• **Exercise objective**:
For this exercise, output exactly the lines from the opening line of the listing through the line with "Figura 9 - Jean-Léon", skipping pictures.
BEGIN
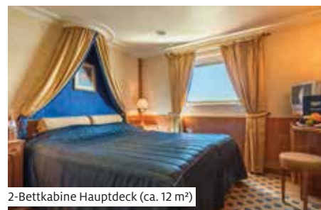
2-Bettkabine Hauptdeck (ca. 12 m 2 )
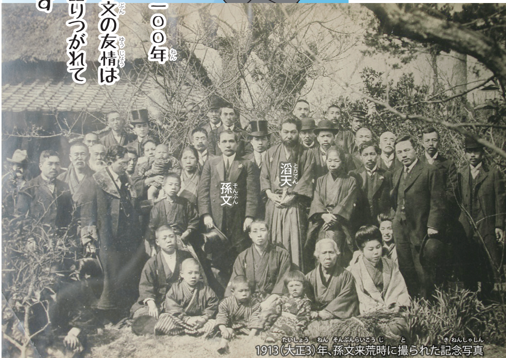
1913(大正3)年、孫文来荒時に撮られた記念写真
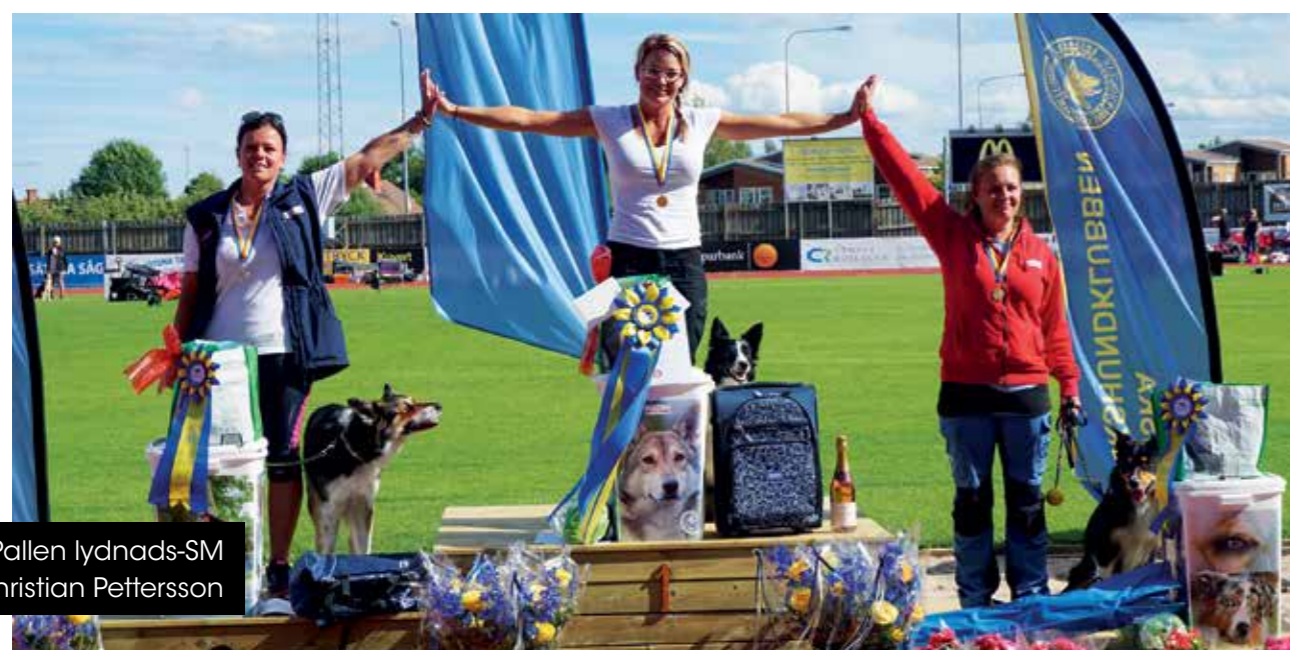
Pallen lydnads-SM

Lagresultat i VM: Tredje plats i lydnad, tredje plats i IPO-R ytsök, fjärde plats i IPO-R ruinsök.
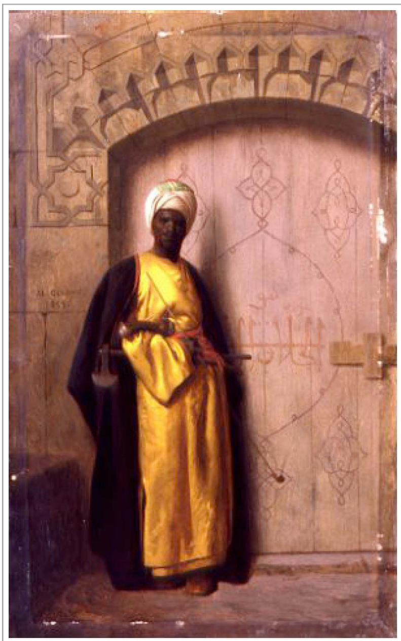
Figura 9 - Jean-Léon Gérôme, Il guardiano dell'harem , 1859.

Dopo aver superficialmente sfiorato la questione degli spazi e delle dinamiche di negoziazione della libertà tra i due sessi nel contesto dell'autorità materna, ci troviamo ora di fronte alla prima fase del meccanismo di azione e reazione nella conquista dello spazio, vale a dire l'imposizione della segregazione da parte del Padre.
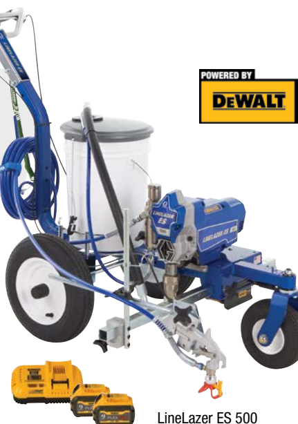
LineLazer ES 500
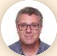
Josep Reig President de MUSICAT

No volia parlar de política, però el moment complicat que estem vivint ho fa inevitable.
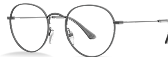
M Deep Blue Ref. 10105350843010
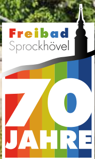
Siebzig Jahre Freibad Sprockhövel: Am 1. Mai startet die Jubiläumssaison. Was das Freibad zu bieten hat und wie alles angefangen hat, lesen Sie in dieser Ausgabe auf Seite sechs!
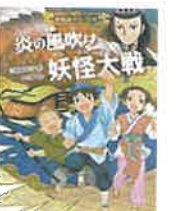
炎の風吹け妖怪大戦 妖怪道中三国志
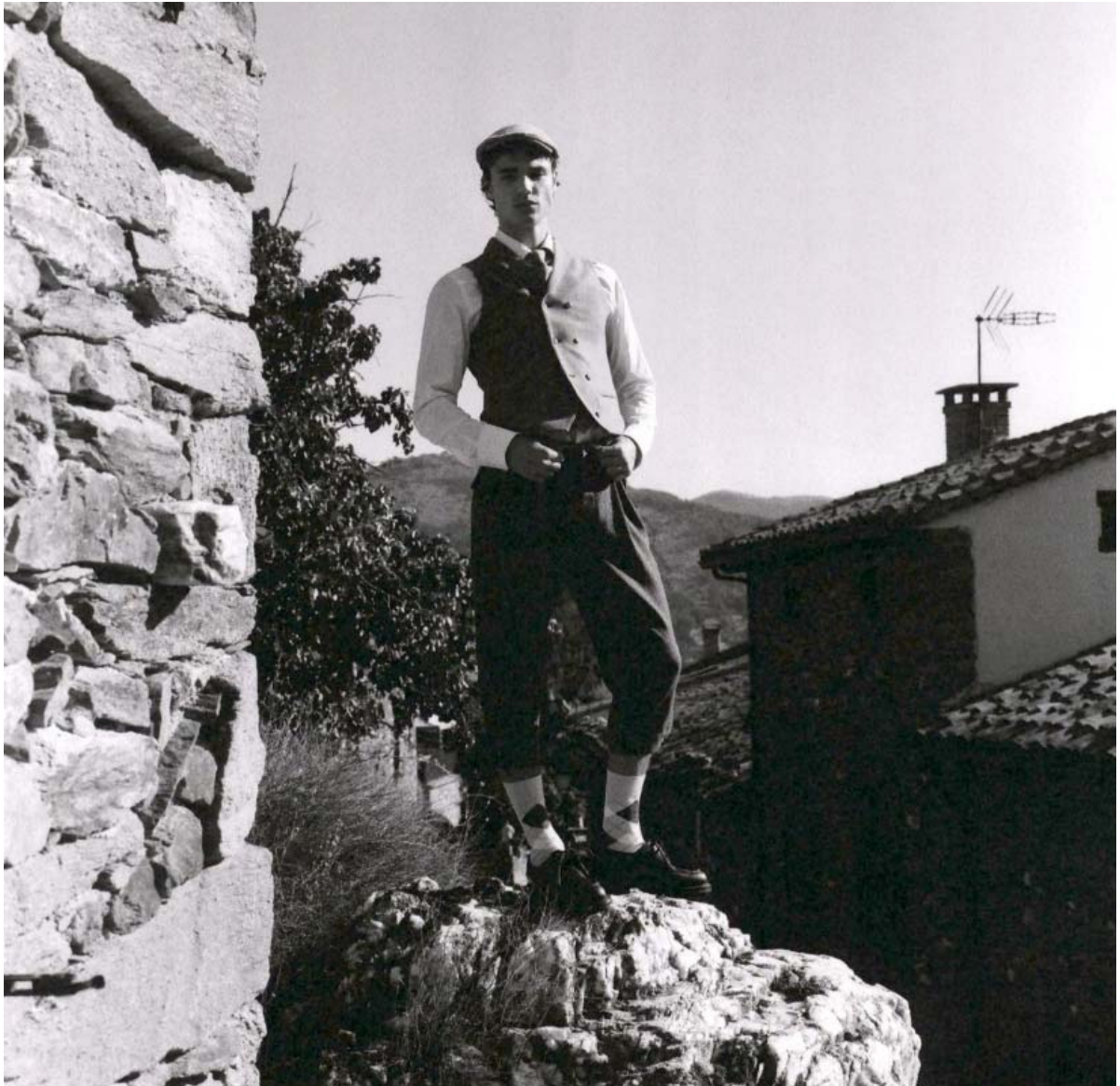
Esquire Spain Lymington Black
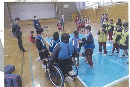
小学校での福祉学習 (ユニバーサルポッチャ交流会)

地域住民が交流しつながりを深めることにより地域への参加と関心を高めるきっかけづくりを進めます。
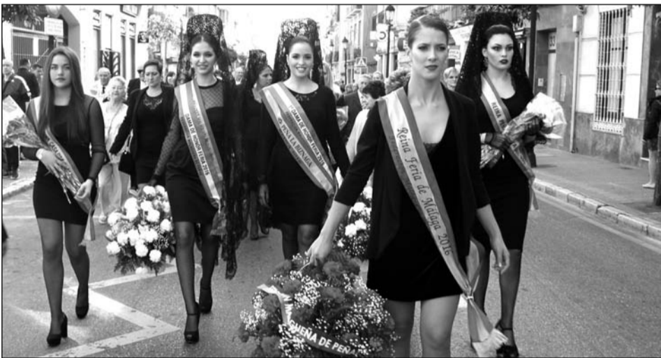
La Reina de la pasada Feria, ante las reinas de diferentes entidades.
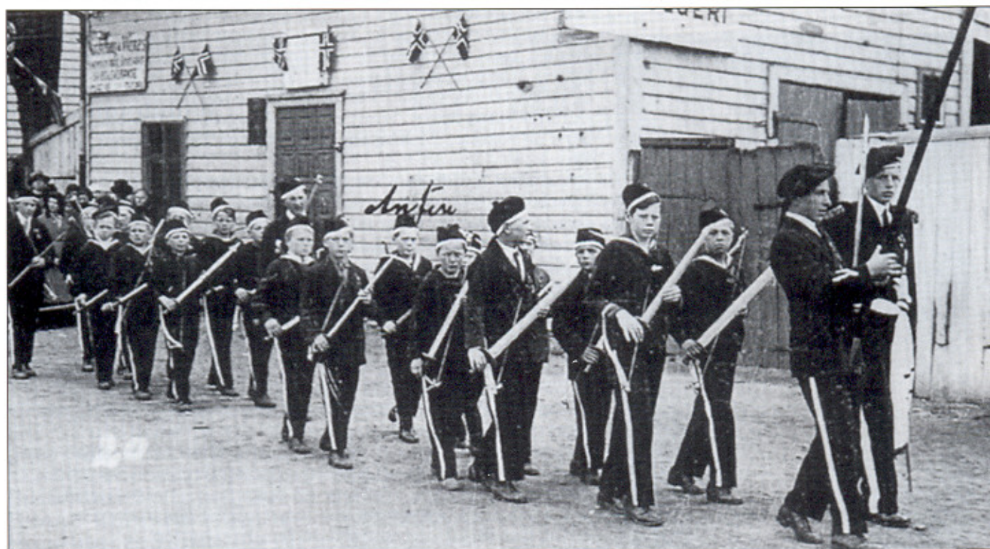
Sandvikens Kårdekorps, historiske opptog i 1932.
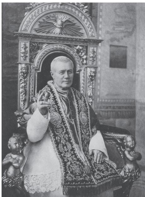
São Pio X ocupou a Sede de Pedro desde o dia 9 de agosto de 1903 até ao dia 20 de agosto de 1914.
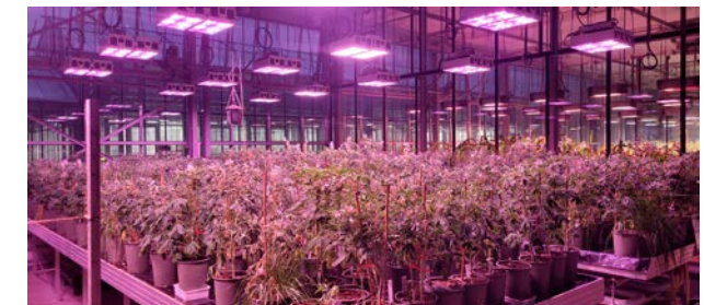
Gefäßversuch der LfL zur Untersuchung verschiedener Einflussfaktoren auf den Alkaloidgehalt

Um die Weiße Lupine als wertvolle Kultur in der bayerischen Landwirtschaft zu unterstützen, prüft die LfL zugelassene Sorten in Landessortenversuchen , erarbeitet Optimierungen in der Produktionstechnik und unterstützt die Entwicklung angepasster Sorten durch grundlegende Züchtungsarbeit .
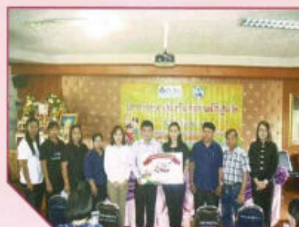
โครงการอบรมส่งเสริมสุขภาพเด็กปฐมวัย
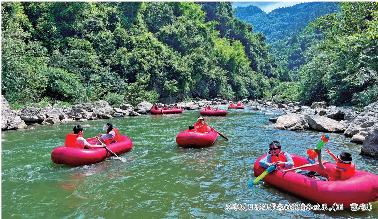
尽享夏日漂流带来的激情和凉爽。

据介绍,自今年7月1日仙女峡漂流景区开漂以来,目前已接待游客3万余人,随着高温天气的持续,景区也迎来漂流接待高峰期。
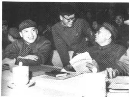
“文革”中姚文元（右3） 和蒯大富等造反派在大会 主席台上。
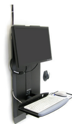
Chambre du patient
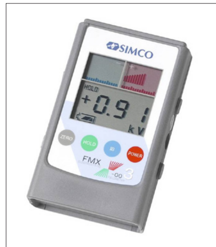
Obr. 7. Přístroj k měření intenzity elektrostatického pole

2. Ionizační vzduchové ventilátory opět obsahují emitační hroty, přes které ventilátor fouká vzduch na požadované místo. Jsou k dispozici přenosné modely pro umístění na pracovních stolech nebo modely určené pro stabilní umístění. Tyto jednotky jsou schopny neutralizovat materiály až do vzdálenosti 1,5 m a jsou zvláště vhodné pro součásti a materiály s nerovným povrchem (3D rozměrem), ale také pro pásy a fólie při navíjení (obr. 4).
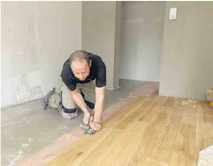
Ein Profi klebt die Eichendielen vollflächig auf den Untergrund. Das sichert eine gute Wärmeübertragung durch die Fußbodenheizung und sorgt für einen niedrigen Trittschall. Der eingesetzte Klebstoff trägt das Emissioncode-Zeichen EC 1. Dieses Siegel gewährleistet geringste Emissionen und schont die Gesundheit der Verarbeiter und Bewohner.

Parkett aus heimischen Hölzern kann als Massivparkett oder Mehr- schichtparkett verlegt werden. In letzterem Fall besteht die Deck- schicht aus Holz, darunter befin- den sich Holz oder Holzwerkstof- fe. Die einzelnen Schichten wer- den verleimt. Ein Vorteil von Mehr- schichtenparkett kommt bei der Verbindung mit einer Fußboden- heizung zum Tragen. Dank der geringen Aufbauhöhe leitet die- ser Boden die Wärme rascher wei- ter als Massivparkett, das sich jedoch grundsätzlich ebenfalls für eine Fußbodenheizung gut eignet. Die Vorzüge der Kombination Par- kett und Fußbodenheizung kom- men dann zur Geltung, wenn der Bodenbelag vollflächig auf den Untergrund geklebt ist. Diese Ar- beit sollte ein Profi erledigen. Er prüft zunächst den Untergrund und bereitet ihn bei Bedarf fach- gerecht auf, bevor er das Parkett vollflächig klebt und verlegt. Die feste Verbindung zwischen Unter- grund und Bodenbelag hat noch einen weiteren wichtigen Vorteil: Sie verhindert die Bildung von Luft- polstern und sorgt so für deutlich geringeren Raum- und Trittschall. Wichtig für die Bewohnerinnen und Bewohner: Sie sollten darauf achten, dass der von Ihnen beauf- tragte Fachmann einen Klebstoff benutzt, der das Emissioncode-Zeichen
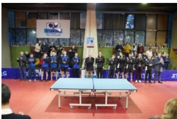
AON Milano Sport e Top Spin Messina
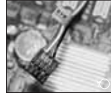
1 کابل USB2.0 اتصال کارت خوان
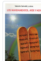
MANDAMIENTOS, AYER Y HOY SALVOLDI, VALENTIN
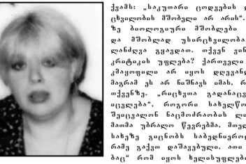
უტყობო სხეულში მათი ხრადის ვერ აღიარებულს, სამართალმცოდნეობის დამცველებმა...
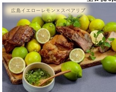
広島イエローレモン×スペアリブ 月替わりのメインディッシュ 1月はスペアリブ ネギ塩レモンだれが登場

カフェ&ブッフェ デイッシュ パレード ニューノーマルランチブッフェ 平日 3,000円 土日祝 3,500円
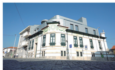
Aberto de terça-feira a sábado, das 14h00 às 18h00
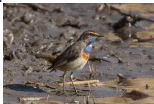
Gorge bleue à miroir

Plus quelques autres photos rares : la marouette ponctuée et la gorge bleue de Fosseville à Gerzat, et le balbusard en vol avec un énorme poisson dans les serres à Pulverrières.
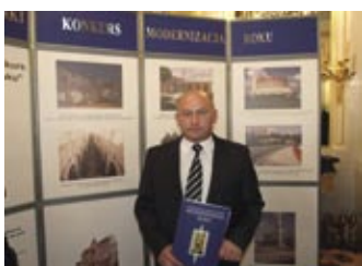
Wyróżniony zabytkowy most w Iwonicy – strona 16
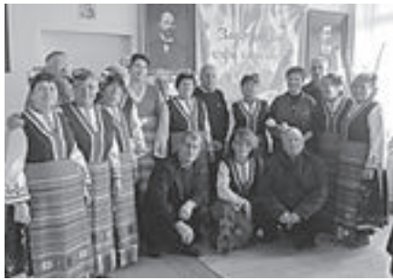
ми тракийски песни.

Фолклорния певчески състав „Тракия пес“ при дружеството огласи клуба с любими тракийски песни.
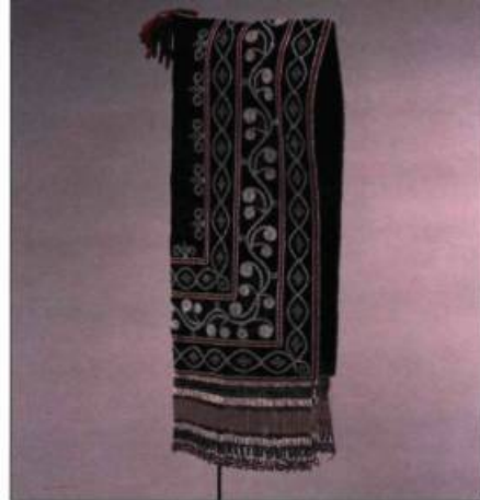
Photo : Musée McCord, don de M.C.S. Rackstraw au Musée McCord, ME954.1.2

Ce capuchon, création d'une femme crie de la Baie-James vers 1850, est fait de drap de Stroud bleu et décoré de rubans de soie, de coton et de perles de verre.
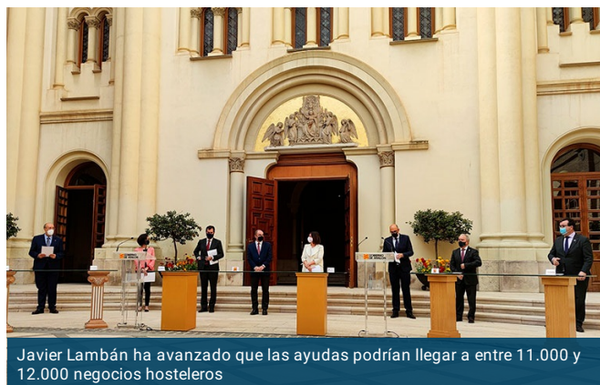
Javier Lambán ha avanzado que las ayudas podrían llegar a entre 11.000 y 12.000 negocios hosteleros

El Gobierno de Aragón ha dado a conocer este martes las cifras de su plan de rescate al sector de la hostelería, uno de los más afectados por la crisis del coronavirus. Las ayudas están dotadas con 50 millones de euros y es la mayor movilización de presupuestos propios que la Comunidad ha hecho en toda su historia. El plan contempla una dotación mínima de 3.000 euros por negocio y se calculará bajo distintos criterios, tomando como base la reducción de operaciones declarada en el ejercicio de 2020 en comparación con las de 2019 y el volumen de pérdidas demostrado. Según ha avanzado el presidente aragonés, Javier Lambán, las ayudas podrían llegar a entre 11.000 y 12.000 negocios hosteleros.
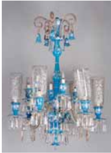
Important lustre à douze bras de lumière en opaline. Modèle Baccarat. Vers 1880. H. 120 x L. 80 cm 3.000/4.000 €
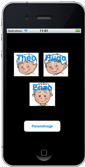
Fig.1 Paramétrage Utilisateur
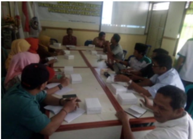
Figure 5. Proses evaluasi yang dilakukan oleh pengelola Sumber Dhuwur
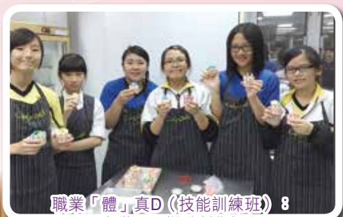
職業「體」真D (技能訓練班) 8 西式甜品及糕點製作課程
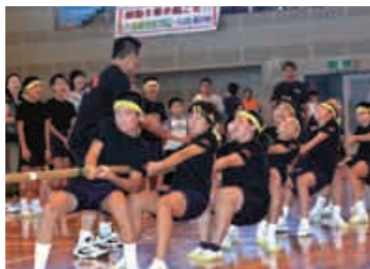
力を振り絞り綱を引く子どもたち

子どもたちに誘惑に負けない勇氣と強い意思を育んでもらおうと実施されたもので、霧島市からは横川町の安良小学校、横川小学校、牧園町の高千穂小学校の3校がチームを編成し出場しました。子どもたちは一人ひとりが持つ力を発揮し、チーム一丸となって真剣に取り組みました。その結果、横川小学校6年生のチームが優勝しました。
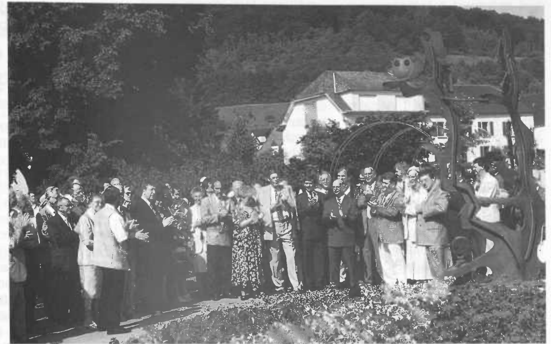
Neugestalteter Dorfkern nach Robert Krieps benannt.

„Och dësem gudde Jong hate seng Stopp ugebueden. Hien huet se refuséiert, an hien huet et virgezunn dat ongewësst Schicksal mat séngem Alterskomeroden ze deelen, an dat fir séngen Elteren a sénger Schwëster de Wee an d'Émsiiddlung ze erspüeren. Mee dat Schlämmst dat nëmmen konnt geschéien, as agetrueden, hie as a Russland verschleeft gin an hie säi Blut missen vergëisse fir en Saach, déi séng nit war. Elo läit hie
END
• **Task solution**:
2-Bettkabine Hauptdeck (ca. 12 m 2 )
1913(大正3)年、孫文来荒時に撮られた記念写真
Pallen lydnads-SM

Lagresultat i VM: Tredje plats i lydnad, tredje plats i IPO-R ytsök, fjärde plats i IPO-R ruinsök.
Figura 9 - Jean-Léon Gérôme, Il guardiano dell'harem , 1859.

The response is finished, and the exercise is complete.